Saved entries

※ ※ ※

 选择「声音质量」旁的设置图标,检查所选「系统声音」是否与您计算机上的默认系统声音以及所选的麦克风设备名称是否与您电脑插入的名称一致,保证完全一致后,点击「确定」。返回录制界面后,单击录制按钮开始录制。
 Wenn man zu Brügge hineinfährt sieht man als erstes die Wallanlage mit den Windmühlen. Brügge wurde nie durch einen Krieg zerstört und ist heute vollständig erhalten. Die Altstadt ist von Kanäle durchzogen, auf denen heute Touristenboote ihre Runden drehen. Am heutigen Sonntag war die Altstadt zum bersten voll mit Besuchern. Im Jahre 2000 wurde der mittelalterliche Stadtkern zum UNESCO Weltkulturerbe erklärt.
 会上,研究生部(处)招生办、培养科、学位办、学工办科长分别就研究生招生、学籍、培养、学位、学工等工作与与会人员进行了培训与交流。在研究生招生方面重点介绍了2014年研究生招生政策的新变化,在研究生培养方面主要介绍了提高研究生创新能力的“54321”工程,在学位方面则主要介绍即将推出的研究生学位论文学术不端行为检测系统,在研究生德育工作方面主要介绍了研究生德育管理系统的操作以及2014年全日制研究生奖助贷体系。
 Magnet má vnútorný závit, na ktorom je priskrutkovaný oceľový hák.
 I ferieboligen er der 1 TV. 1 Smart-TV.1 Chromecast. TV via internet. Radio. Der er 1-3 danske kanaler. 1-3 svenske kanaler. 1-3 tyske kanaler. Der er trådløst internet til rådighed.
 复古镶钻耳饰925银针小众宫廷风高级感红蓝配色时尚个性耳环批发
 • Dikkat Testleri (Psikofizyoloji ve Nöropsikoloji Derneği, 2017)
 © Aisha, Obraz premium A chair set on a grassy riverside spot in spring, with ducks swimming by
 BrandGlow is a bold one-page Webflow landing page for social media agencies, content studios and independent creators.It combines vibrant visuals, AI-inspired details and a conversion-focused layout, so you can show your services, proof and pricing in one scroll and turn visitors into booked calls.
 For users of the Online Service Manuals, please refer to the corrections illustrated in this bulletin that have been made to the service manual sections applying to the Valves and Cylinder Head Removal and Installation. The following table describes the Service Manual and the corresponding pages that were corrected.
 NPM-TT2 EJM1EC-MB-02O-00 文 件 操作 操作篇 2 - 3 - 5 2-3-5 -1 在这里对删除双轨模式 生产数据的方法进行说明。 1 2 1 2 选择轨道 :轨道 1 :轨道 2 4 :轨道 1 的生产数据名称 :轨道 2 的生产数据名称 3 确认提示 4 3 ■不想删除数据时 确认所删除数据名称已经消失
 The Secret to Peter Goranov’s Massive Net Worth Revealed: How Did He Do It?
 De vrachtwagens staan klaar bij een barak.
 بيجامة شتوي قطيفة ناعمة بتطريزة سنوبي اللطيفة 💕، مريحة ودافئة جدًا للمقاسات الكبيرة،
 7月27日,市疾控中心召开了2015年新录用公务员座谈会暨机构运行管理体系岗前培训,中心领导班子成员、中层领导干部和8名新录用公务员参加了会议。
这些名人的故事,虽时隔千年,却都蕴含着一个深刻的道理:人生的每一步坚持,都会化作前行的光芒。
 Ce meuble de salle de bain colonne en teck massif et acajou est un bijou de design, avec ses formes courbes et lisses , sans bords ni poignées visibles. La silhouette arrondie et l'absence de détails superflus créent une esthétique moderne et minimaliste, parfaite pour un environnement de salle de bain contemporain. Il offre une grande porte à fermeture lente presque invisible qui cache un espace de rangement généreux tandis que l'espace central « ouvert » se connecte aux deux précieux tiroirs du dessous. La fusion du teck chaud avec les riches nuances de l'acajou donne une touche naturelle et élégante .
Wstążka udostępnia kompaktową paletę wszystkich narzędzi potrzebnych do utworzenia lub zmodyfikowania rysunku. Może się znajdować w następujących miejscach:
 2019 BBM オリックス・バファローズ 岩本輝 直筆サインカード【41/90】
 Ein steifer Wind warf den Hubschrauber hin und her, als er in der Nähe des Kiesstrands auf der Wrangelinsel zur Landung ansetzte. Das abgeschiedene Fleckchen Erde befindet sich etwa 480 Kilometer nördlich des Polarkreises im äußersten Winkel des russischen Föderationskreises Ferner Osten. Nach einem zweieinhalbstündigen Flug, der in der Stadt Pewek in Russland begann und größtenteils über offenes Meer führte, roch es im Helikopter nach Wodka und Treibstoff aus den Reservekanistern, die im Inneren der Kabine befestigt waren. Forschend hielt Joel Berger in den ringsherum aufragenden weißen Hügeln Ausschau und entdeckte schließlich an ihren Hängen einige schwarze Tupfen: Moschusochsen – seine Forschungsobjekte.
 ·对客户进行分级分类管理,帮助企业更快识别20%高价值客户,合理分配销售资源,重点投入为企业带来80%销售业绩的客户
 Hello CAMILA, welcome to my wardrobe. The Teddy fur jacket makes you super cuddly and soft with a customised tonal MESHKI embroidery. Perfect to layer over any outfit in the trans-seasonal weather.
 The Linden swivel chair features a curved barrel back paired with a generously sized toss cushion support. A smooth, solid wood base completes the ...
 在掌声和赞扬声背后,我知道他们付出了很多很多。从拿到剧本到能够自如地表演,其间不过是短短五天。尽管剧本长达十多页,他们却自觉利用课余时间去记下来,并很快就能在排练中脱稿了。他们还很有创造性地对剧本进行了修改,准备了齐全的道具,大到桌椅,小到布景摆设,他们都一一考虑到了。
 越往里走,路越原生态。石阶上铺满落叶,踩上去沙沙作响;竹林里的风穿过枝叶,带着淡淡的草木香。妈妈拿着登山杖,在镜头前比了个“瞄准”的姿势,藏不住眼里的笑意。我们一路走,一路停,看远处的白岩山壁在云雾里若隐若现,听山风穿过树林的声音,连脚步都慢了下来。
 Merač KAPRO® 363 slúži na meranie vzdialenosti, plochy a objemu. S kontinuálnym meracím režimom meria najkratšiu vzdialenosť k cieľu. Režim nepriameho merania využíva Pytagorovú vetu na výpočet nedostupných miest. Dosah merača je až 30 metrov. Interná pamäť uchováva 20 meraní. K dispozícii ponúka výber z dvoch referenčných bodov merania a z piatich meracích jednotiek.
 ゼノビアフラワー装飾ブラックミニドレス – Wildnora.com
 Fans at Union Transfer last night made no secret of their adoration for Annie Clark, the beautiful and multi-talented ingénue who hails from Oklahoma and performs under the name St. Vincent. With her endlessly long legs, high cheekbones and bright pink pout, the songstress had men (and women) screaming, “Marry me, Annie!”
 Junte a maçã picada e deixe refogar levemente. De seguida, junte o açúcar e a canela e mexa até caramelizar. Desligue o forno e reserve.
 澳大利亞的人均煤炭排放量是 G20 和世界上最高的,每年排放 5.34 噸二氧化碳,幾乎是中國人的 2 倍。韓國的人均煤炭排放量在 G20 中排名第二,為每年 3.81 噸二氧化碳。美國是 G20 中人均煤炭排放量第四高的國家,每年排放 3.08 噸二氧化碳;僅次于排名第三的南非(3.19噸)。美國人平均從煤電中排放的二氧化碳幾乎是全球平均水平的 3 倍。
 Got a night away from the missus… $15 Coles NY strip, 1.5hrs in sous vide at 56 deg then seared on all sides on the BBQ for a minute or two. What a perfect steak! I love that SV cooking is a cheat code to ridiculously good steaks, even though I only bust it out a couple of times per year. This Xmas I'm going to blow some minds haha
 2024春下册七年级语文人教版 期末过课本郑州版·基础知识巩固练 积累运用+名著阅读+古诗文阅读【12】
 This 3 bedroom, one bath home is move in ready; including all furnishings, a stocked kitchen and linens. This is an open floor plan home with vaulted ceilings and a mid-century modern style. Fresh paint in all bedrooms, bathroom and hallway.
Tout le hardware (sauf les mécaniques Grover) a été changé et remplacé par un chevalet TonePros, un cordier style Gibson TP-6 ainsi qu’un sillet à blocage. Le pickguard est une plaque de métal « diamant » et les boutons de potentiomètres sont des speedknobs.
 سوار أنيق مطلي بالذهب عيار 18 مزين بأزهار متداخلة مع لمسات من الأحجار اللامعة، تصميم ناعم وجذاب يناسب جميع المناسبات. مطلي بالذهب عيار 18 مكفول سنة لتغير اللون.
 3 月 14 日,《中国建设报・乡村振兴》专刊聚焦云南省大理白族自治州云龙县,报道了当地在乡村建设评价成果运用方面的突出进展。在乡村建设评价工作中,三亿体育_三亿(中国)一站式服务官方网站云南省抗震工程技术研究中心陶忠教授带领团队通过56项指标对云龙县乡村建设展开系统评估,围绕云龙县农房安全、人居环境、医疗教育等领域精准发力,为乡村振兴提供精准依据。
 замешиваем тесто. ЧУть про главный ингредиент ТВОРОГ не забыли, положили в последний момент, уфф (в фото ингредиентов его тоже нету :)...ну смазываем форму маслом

※ ※ ※

EXERCISE INSTRUCTIONS
Considering only the data above, return the lines in which "made" occurs.

SOLUTION FOR THIS PROBLEM
 For users of the Online Service Manuals, please refer to the corrections illustrated in this bulletin that have been made to the service manual sections applying to the Valves and Cylinder Head Removal and Installation. The following table describes the Service Manual and the corresponding pages that were corrected.
 Fans at Union Transfer last night made no secret of their adoration for Annie Clark, the beautiful and multi-talented ingénue who hails from Oklahoma and performs under the name St. Vincent. With her endlessly long legs, high cheekbones and bright pink pout, the songstress had men (and women) screaming, “Marry me, Annie!”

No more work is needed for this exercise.